After my family took me out, I went to the RUE AGTHONIS presentation at Rosenfeld gallery, where I was mingled with influencers, models, stylists, and a range of industry people. Regardless of who they actually were, everyone made you feel like they were someone. It was an energy and aura that only fashion people can emit.

Vividly, I’ll always remember running back home in the rain silently screaming to myself, and feeling like my life was forever changed. No matter what happened henceforth, I had lived that.

Why was LFW so inspiring 

The creativity. You can wear whatever you want, however you want, and the louder you look, the better. I’ve always believed in the importance of fashion, but it’s only now that I truly understand Stanley Tucci’s words in The Devil Wears Prada. “Fashion is art because you live your life in it”. It enables you to be whoever you want to be with a mere outfit change. The reason that my favourite holiday is Halloween is the freedom and flexibility to embody another character (can you guess my star sign?). Fashion doesn’t need a holiday or an excuse to do that. You can pick a theme, a look, or an aesthetic and be as creative as you want with it.

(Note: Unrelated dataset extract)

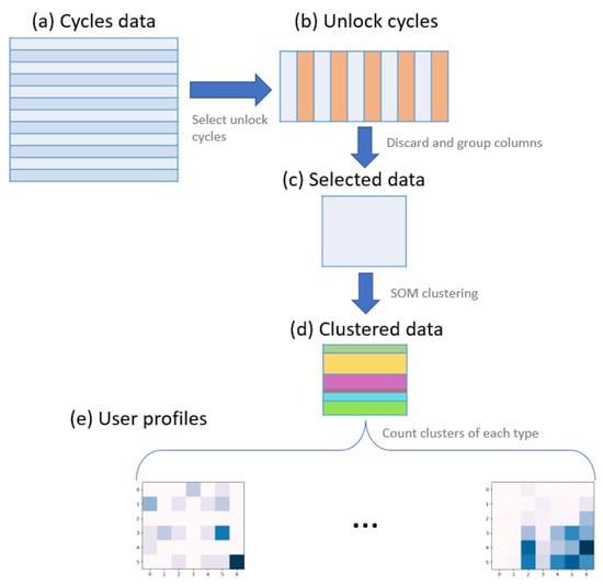 Before applying the algorithm, the data are pre-processed in two ways. First, a logarithm is applied to the duration column, so that its distribution is similar to a Gaussian function, and its large scale has less impact on the clustering. Second, all the data are standardized using Z-score normalization, causing all of them to have the same scale, which is highly desirable for a clustering process. Once the clustering process is completed, the next step is to study each group of cycles by observing their distributions and the means, medians, and standard deviations of the different features. Lastly, profiles are built by counting the number of cycles of each type for each user. This process is illustrated in Figure 4.

The people. Admittedly, there was a fair share of arrogance and too much personality in one room. That’s to be expected when everyone thinks they’re the main character. However, everyone was also adamantly themselves, at least in their self expression. Their larger than life confidence was inspiring. These people are hard to approach but observing them can teach you how to act unapproachable. I also loved the importance placed on fashion throughout the whole week. While it is often sneered on as superficial by outsiders, it was treated as the most important thing in the world. Is that always the case? No. But fashion does have the power to make a political statement and even influence change. It can be a safe space for women and queer people. Those who get it, get it.

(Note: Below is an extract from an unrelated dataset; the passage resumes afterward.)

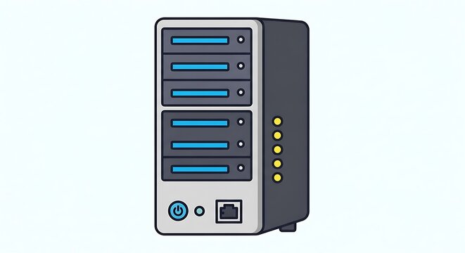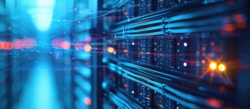 High-density server rack cluster with led cooling fans, industrial cabling, futuristic systems

The opportunities. The fashion industry is notoriously cut throat and renown for paying little to those just getting started. Yet, people still sacrifice their lives to work in it. I was once told by a journalist that he used to sit next to Paris Hilton but have $20 in his bank account. Having worked in fashion full time a year ago, I had chosen to take another opportunity and move elsewhere for a similar reason. However, being able to dip my toes into this kind of glamour and excitement is a privilege that fills me with so much inspiration. Literally anything is possible. Being in a room with so many potential connections, from small zine owners to fashion designers that wanted to date me, showed me that this all about publicity and networking.

The starpower. Simply put, watching the models dictate the room with their walks (and being one of them), gave me chills. I loved how not everyone looked traditionally, hegemonically “attractive”, but they were so striking and held a rare power. There was a buzz and atmosphere in the performativity of it all which gave me chills, and I literally felt like I was in Gossip Girl despite not being born with that kind of extravagant privilege or power.

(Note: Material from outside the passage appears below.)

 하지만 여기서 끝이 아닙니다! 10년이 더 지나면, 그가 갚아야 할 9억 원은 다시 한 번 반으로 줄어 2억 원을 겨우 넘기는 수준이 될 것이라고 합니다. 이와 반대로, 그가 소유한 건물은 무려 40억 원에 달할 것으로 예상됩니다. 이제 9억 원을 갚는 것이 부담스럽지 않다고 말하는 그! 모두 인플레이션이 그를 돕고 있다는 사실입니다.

The lack of straight men – this is something I realised afterwards. Of course, I know that the industry is notorious for its predators, of every sexuality. However, my personal experience this time around didn’t revolve around men. Unlike other spaces I occupy, such as the gym, this was a break from the microscope of the masculine eye. I loved how most of the fashion I saw barely took the ‘male gaze’ into consideration and, even if some of the clothing could loosely fit that gender boundary on paper, it was clear that this wasn’t the outfit’s sole purpose and no one really cared about who looked ‘the hottest’. The ‘weirdest’ was the prize most of the crowd was competing for. Post fashion week, I did experience some strange, straight male interactions with some members of the aforementioned crowd. But that’s a story for another day.